Making a digital difference in the future of mining

Mike Campigotto, President of SafeSight Exploration, introduces its portfolio of remote inspection and monitoring solutions that can improve efficiency and safety in mining.

Technology has now turned its attention to making deep impacts on the mining industry. In-motion laser technology, high-definition (HD) video, thermal imaging, and gas sensing technology has become small enough and sophisticated enough to improve safety in mining and protect those who work deep underground.

SafeSight Exploration Inc is a high-tech organisation dedicated to applied technology in the mining sector. The company’s mission is to provide cutting-edge remote inspection and monitoring solutions that help organisations improve safety, reduce downtime, increase operational efficiency, and optimise asset management in mining.

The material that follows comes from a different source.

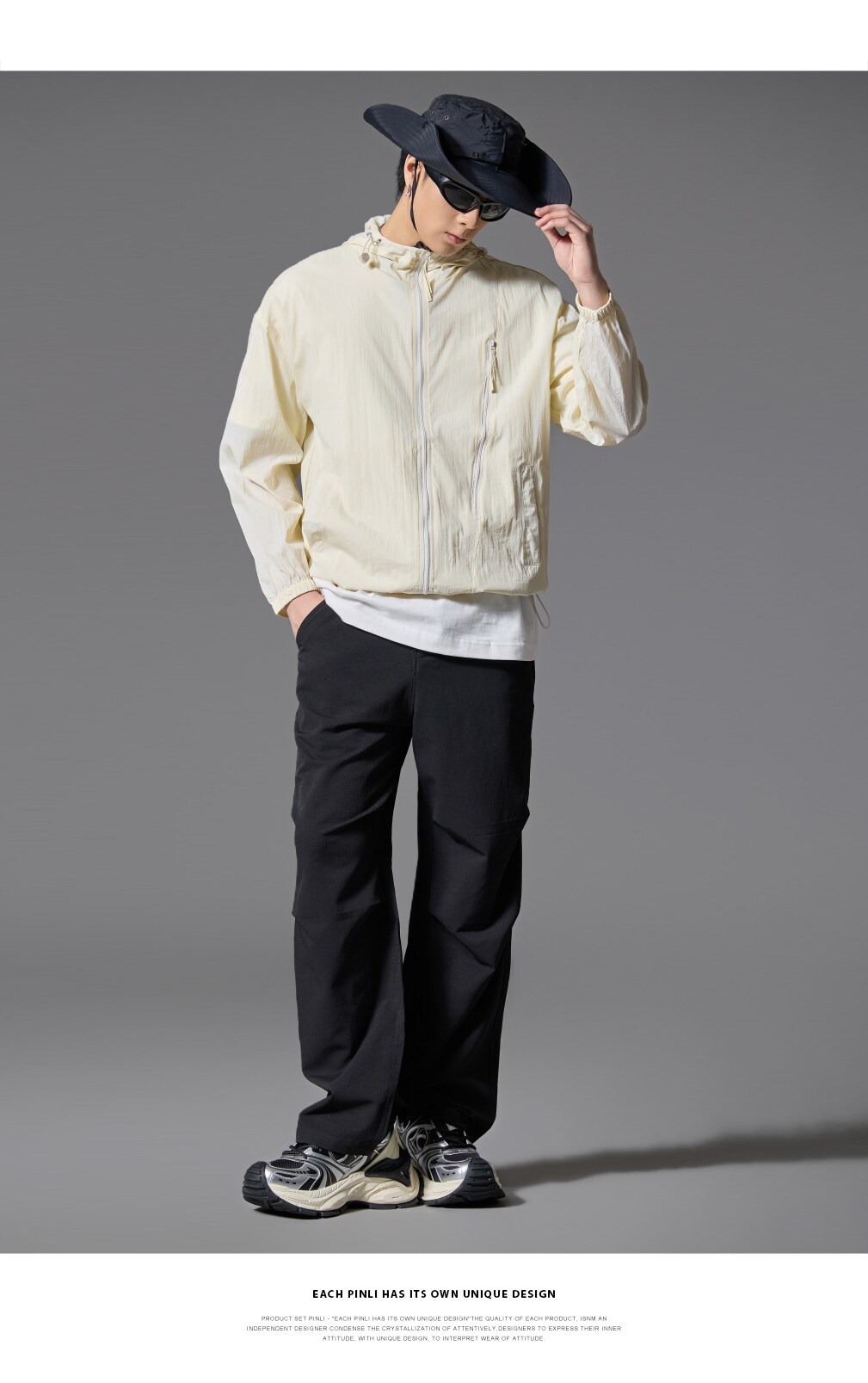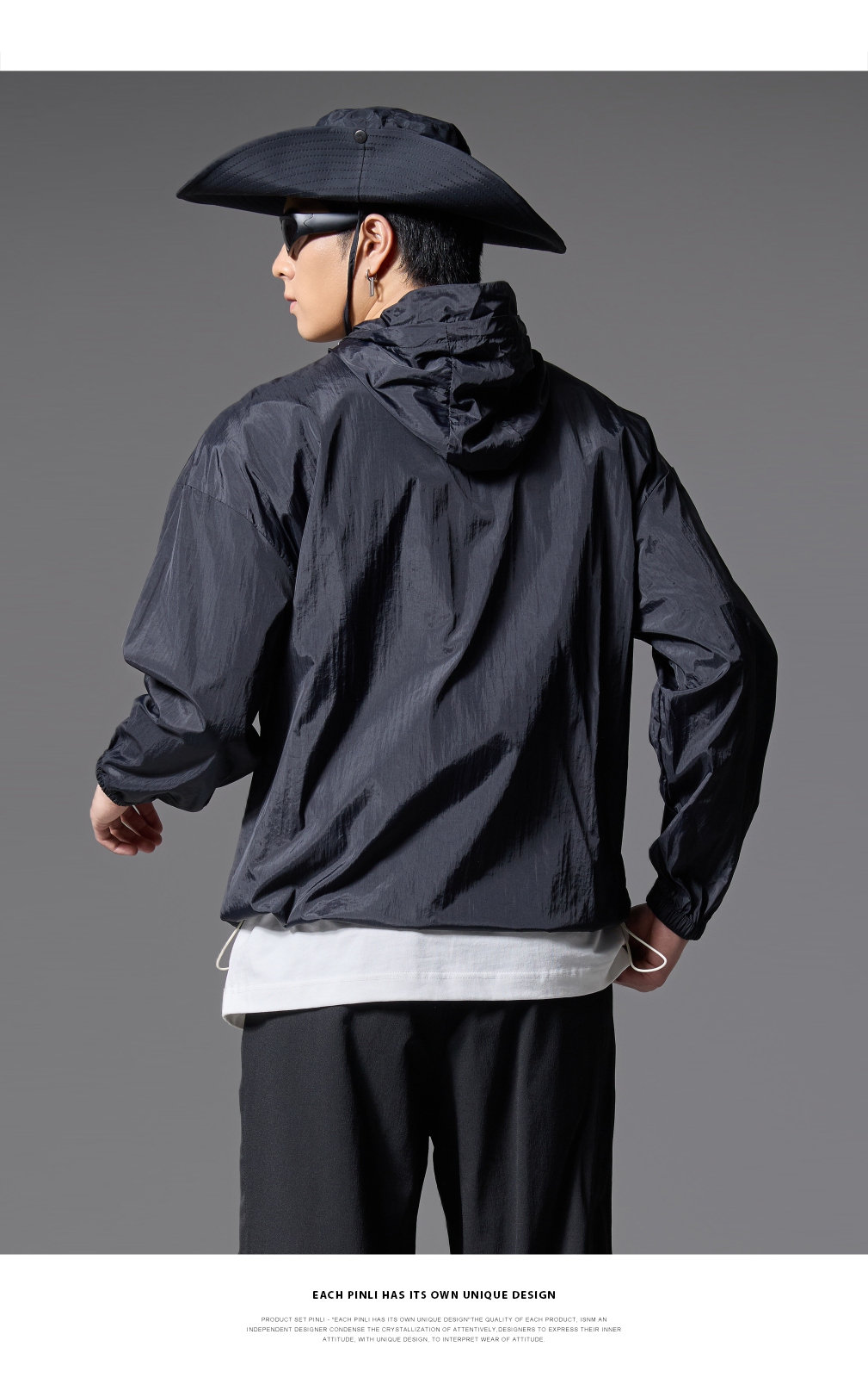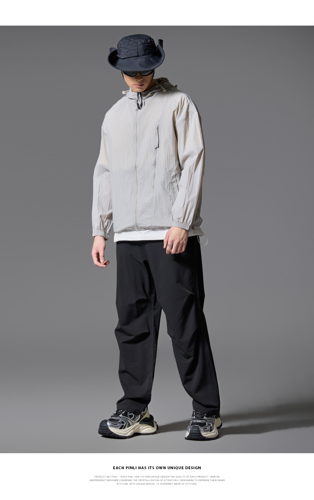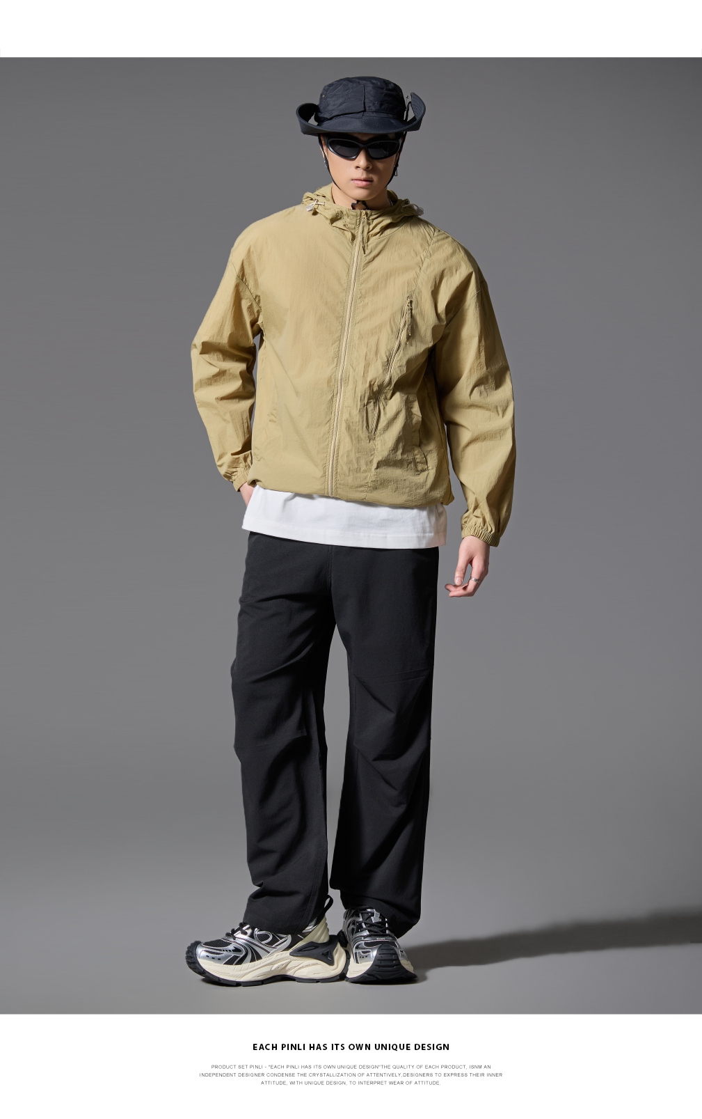 PINLI品立2025春夏新款男士轻薄户外连帽防晒衣潮牌工装夹克外套GD251104020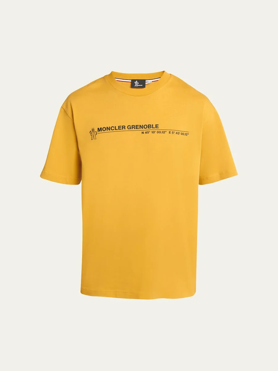 Moncler Grenoble T-shirt featuring a logo print with coordinates at chest Crew neckline Short sleeves Logo patch at back hem Relaxed fit Pullover style Cotton Unlined Machine wash cold Imported Model is 6'1"/185cm. Online Inquiries: BGS21_NC95L| Store Inquiries: #4834642

While our initial development and deployment was our underground mapping drone, we quickly learnt that we had the capability and passion to reimagine mining operations underground. We have become an organisation focused on innovation that is relentless in the pursuit of transformative solutions.

SafeSight has differentiated itself from other technology suppliers in several ways.

We have taken the time to walk in the boots of our customers. By embedding our designers, engineers, and product developers underground, we have developed greater insight to innovation opportunities.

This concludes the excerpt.